Farthing brought his 7-year-old son, Colt, to the park last year when the two were traveling through the area. Farthing said the experience "raised the bar" for his son on a trip to the zoo.
"His school took a trip to the zoo in Asheboro (North Carolina) last year and he said there was no comparison," Farthing said. "He has been wanting to bring his sister and grandmother here ever since he came here so we took a road trip to bring them here. My son has been this park's biggest advertiser because he tells everyone about it."
Charlotte Alderage spread the word about her visit to Virginia Safari Park two years ago all the way to her home in Birmingham, England, and brought her two sisters to the park last week while they were visiting relatives in Richmond.
"Coming here was certainly on my to-do list during this holiday," Alderage said. "There is nothing like this where I live and it's simply wonderful. I knew I had to bring my sisters with me this visit."

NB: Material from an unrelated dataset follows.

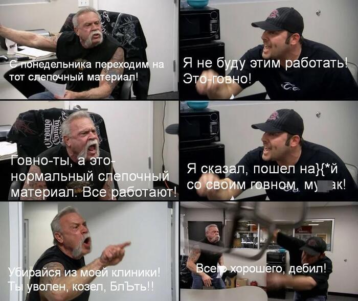 Поработав немного, я начал понимать детей того доктора. Жадность у Семеныча была возведена в абсолют. Экономил он в клинике на всём. Если ему предложат нормальный материал за 10 рублей и говно за 9.5, то второй вариант будет выбран не раздумывая. Например, шовный материал использовался самый дешевый, который есть на рынке. Плевать, что он на себе цепляет всю пищу, плевать, что неудобно, зато дешево. Вменяемый шовник выдавался под роспись только на сложные операции. Да, мой дорогой читатель, за хрень, которая стоит рублей 100 надо расписаться. Огромная беда была и с запчастями для имплантатов. Сами имплантаты он покупал как можно дешевле, причем по акциям, оптом. Если какая-то фирма предлагала дешевле, то он брал её, уточняя можно ли ставить там же набором инструментов. Приходилось колхозить. А вот от запчастей ортопеды плакали кровавыми слезами. Он брал самодельные абатменты, изготовленные литьем за 300 рублей, хотя фрезерованные, хоть и не оригинальные, стоят рублей 700-1500. Это при том, что имплантат под ключ стоял 50 тыс. Эти абатменты, а также паленые фиксирующие винты постоянно ломались. Коронки были убогие, ни хрена не надевались, потому что изготовлены были в самой дешевой зуботехничке из самых дешевых материлов по слепкам из самого дешевого силикона. Короче, недовольных пациентов было много, небезосновательно.
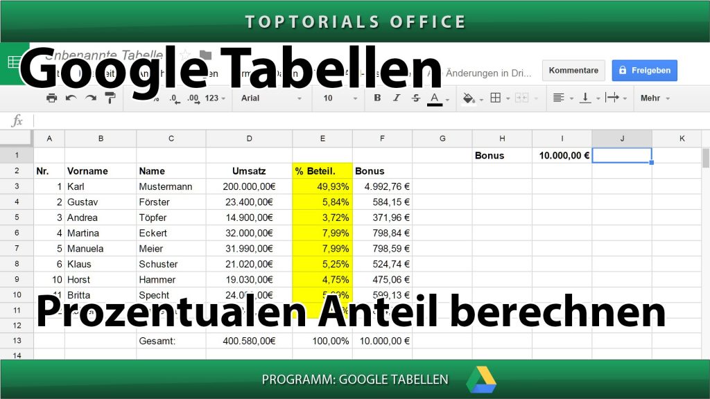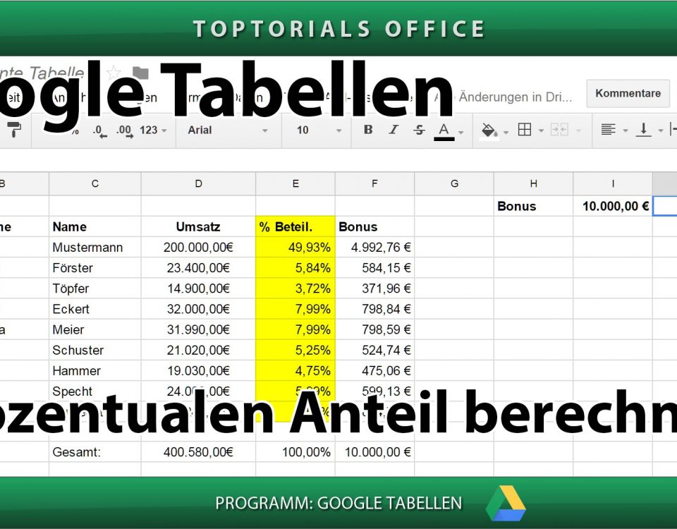 Prozentualen Anteil berechnen (Google Tabellen) In diesem Tutorial zeige ich Euch wie Ihr bei den GOOGLE TABELLEN den prozentualen Anteil ermitteln könnt. Damit könnt Ihr in einer Tabelle berechnen wie hoch der […]

Friedel said word of mouth is the best advertisement for the park.
"That's how most people hear of us," she said. "Word really gets out and we are surprised at where a lot of our visitors have come from. Not too long ago, we had a Jeep pull through here with Hawaii license plates and just about everyone noticed those plates."
Friedel said she is equally surprised at how many people living within an hour's drive of Natural Bridge have never heard of Virginia Safari Park.
"We get that a lot from first-time visitors that have lived in the area for years," Friedel said. "A lot of people say they never imagined something like this right down the road for all that time and they didn't know about it."
However, Friedel said the park has its fair share of local regulars.
"We have a couple people that come pretty frequently to shoot wildlife photography because we have such a variety of species here," Friedel said. "Another woman comes pretty regularly and does sketches of all the different animals. It's great that they feel like our park is the best place to watch these animals in a natural environment.
"It doesn't get more natural than out here," she said. "We are really proud of our park."